Technical Information on the Project

Closed loop control of the figure’s position and movements is performed by a MediaMation HRBOX servo controller computer equipped with analog input and outputs. Movements are designed and programmed using composition software on a variety of computers and software, and stored within HRBOX. Startup, safety, shutdown and performance procedures are implemented on the HRBOX in the proprietary Showflow language.

HRBOX interprets joint position commands from an incoming or prerecorded MIDI data stream, and generates electrical commands to drive a bank of festo electro-pneumatic servo valves. The valves deliver precise electrically controlled airflow to each of the sculpture’s pneumatic actuators, which mechanically drive each joint. Position information for each joint is provided by data Instruments linear potentiometers, which are connected back to the HRBOX analog inputs. HRBOX drives each joint with a corrected control signal, "closing the loop", 500 times per second.

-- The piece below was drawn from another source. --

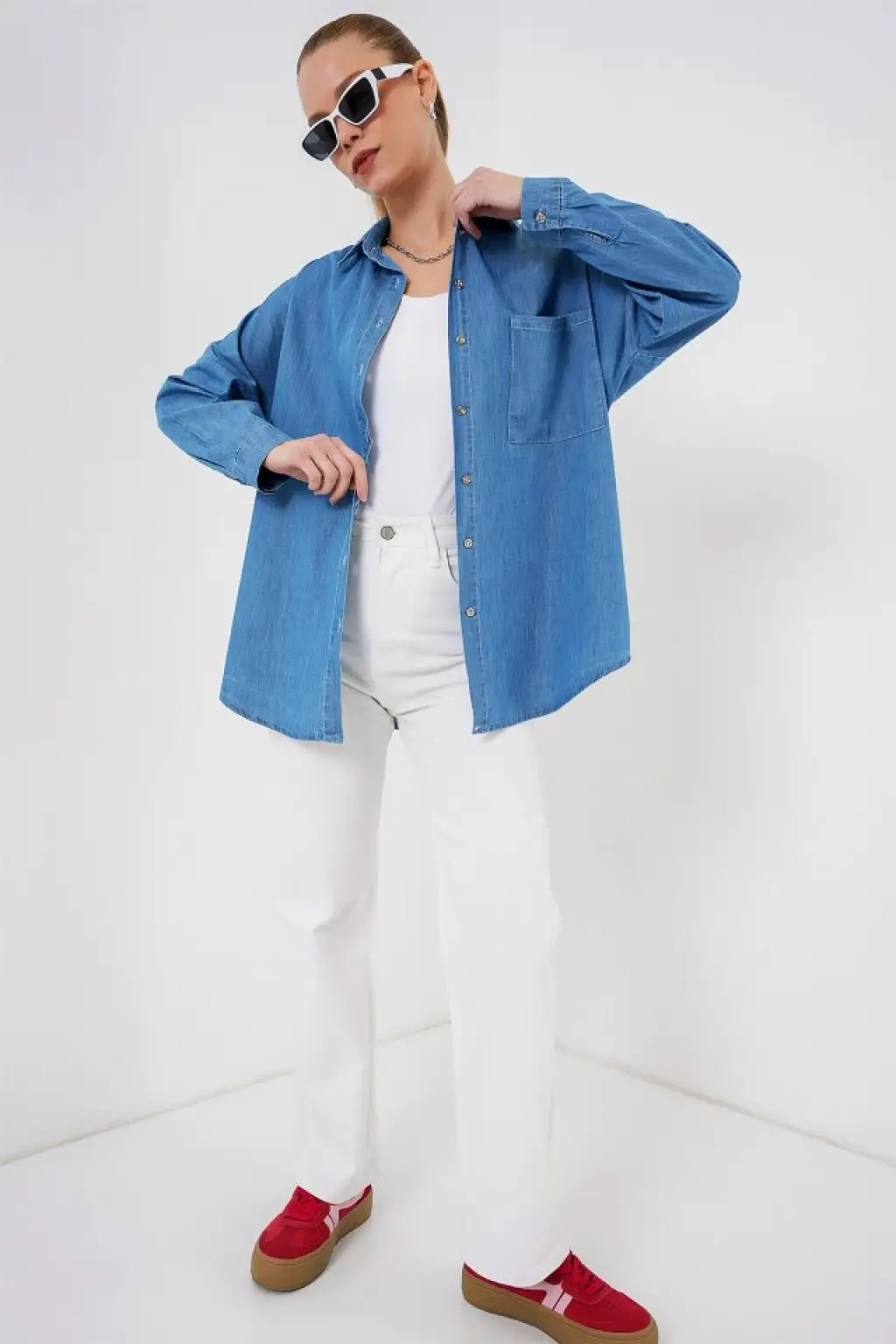 Oversize Kot Gömlek 20280 - Mavi

The motion capture and interpretation system consits of up to two PCs running video analysis software. Up to two views of the participant are observed. Frames are capture at up to 30 per second and are compared to the images in a stored database of pose frames. If an image matches, a message consisting of a pose value an a confidence value will be sent to HRBOX. Showflow software chooses the image match information with the highest confidence value, and directs the sculpture to execute a smooth interpolated motion sequence to arrive at the desired pose.


Biography
Amorphic Robot Works was formed in 1992. ARW is a San Francisco based group of artists, engineers and technicians working together to create robotic performances and installations. ARW's Artistic Director Chico MacMurtrie, describes his vision, "The work is an ongoing endeavor to uncover the primacy of movement and sound. Each machine is inspired or influenced, both, by modern society, and what I physically experience and sense. The whole of this input informs my ideas and work."

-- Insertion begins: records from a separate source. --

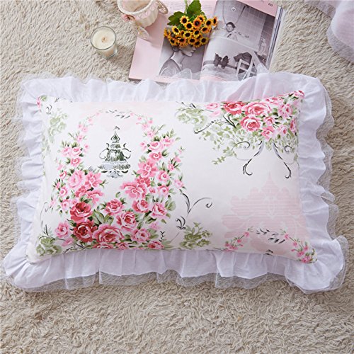 Best Bedding set 4- Piece Cotton Prined Pink Rose Floral Lace Duvet Cover Sets For Girls Pink Full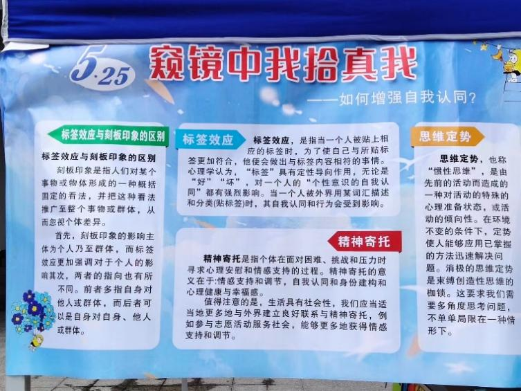 为了向同学们科普心理知识,并更好地引导大家进一步认识自我,bevitor伟德国际1946心心理辅导站于5月25日心理健康日在河源、白云校区开展了以“窥破镜中我识真我”为主题的摆摊活动。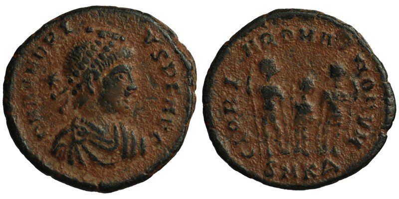 Honorius (393 - 423 AD) AE3 Cyzicus mint 406-408 AD. D N HONORIVS P F AVG; pearl-diademed, draped and cuirassed bust right, star behind / GLORIA ROMANORVM; Arcadius, Honorius and Theodosius II standing facing, each holding a spear; SMKA in ex.

Chico MacMurtrie was born in New Mexico in 1961, and currently resides in San Francisco. He received his B.F.A. from the University of Arizona and an M.F.A. in New Forms and Concepts from the University of California at Los Angeles. He has been awarded four grants from the National Endowment for the Arts for Interdisciplinary Artists. Three of those have been Individual grants; one in 1988, one in 1990 and the other in 1991. The fourth grant was a collaborative grant from the National Endowment for the Arts in 1993 for the premiere of Trigram : A Robotic Opera, which was staged at Theatre Artaud in San Francisco. TRIGRAM was a feature story on The Next Step program on the Discovery Channel. He was a Performing Artist in Residence at the Exploratorium in San Francisco in 1989, and in 1990 received the San Francisco Bay Guardian Goldie Award.

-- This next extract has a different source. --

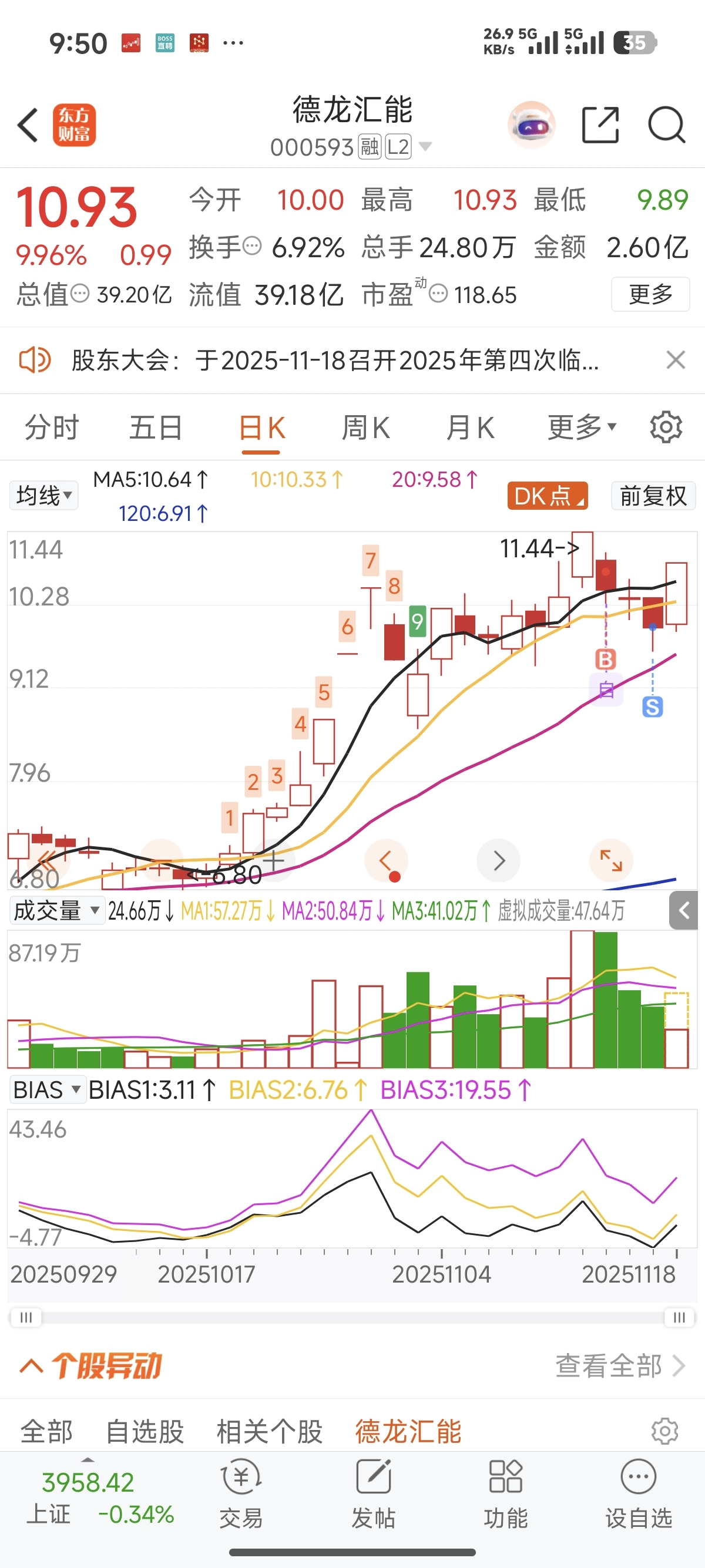 $德龙汇能(SZ000593)$ 没有什么能够阻挡

In 1991, MacMurtrie completed a month long tour of Europe, funded by an Arts International grant. During that time he travelled and performed in Czechoslovakia and presented an award winning performance at the Ars Electronica Festival in Linz, Austria, which appeared on television in Munich, Berlin, and Dortmund, Germany. The tour ended with performances in Amsterdam and an interactive installation at the Kijkhuis, in Den Haag, Holland. In February 1994, he was a Teaching Artist in Residence at the Chicago Art Institute. MacMurtrie was recently featured in Mark Deary's book Escape Velocity: Cyberculture at the End of the Century as well as the BBC special: Pandemonium. He recently completed a residency at the Headland's Center for the Arts and has begun work on a permanent interactive outdoor sculpture for the Yerba Buena Children's Place.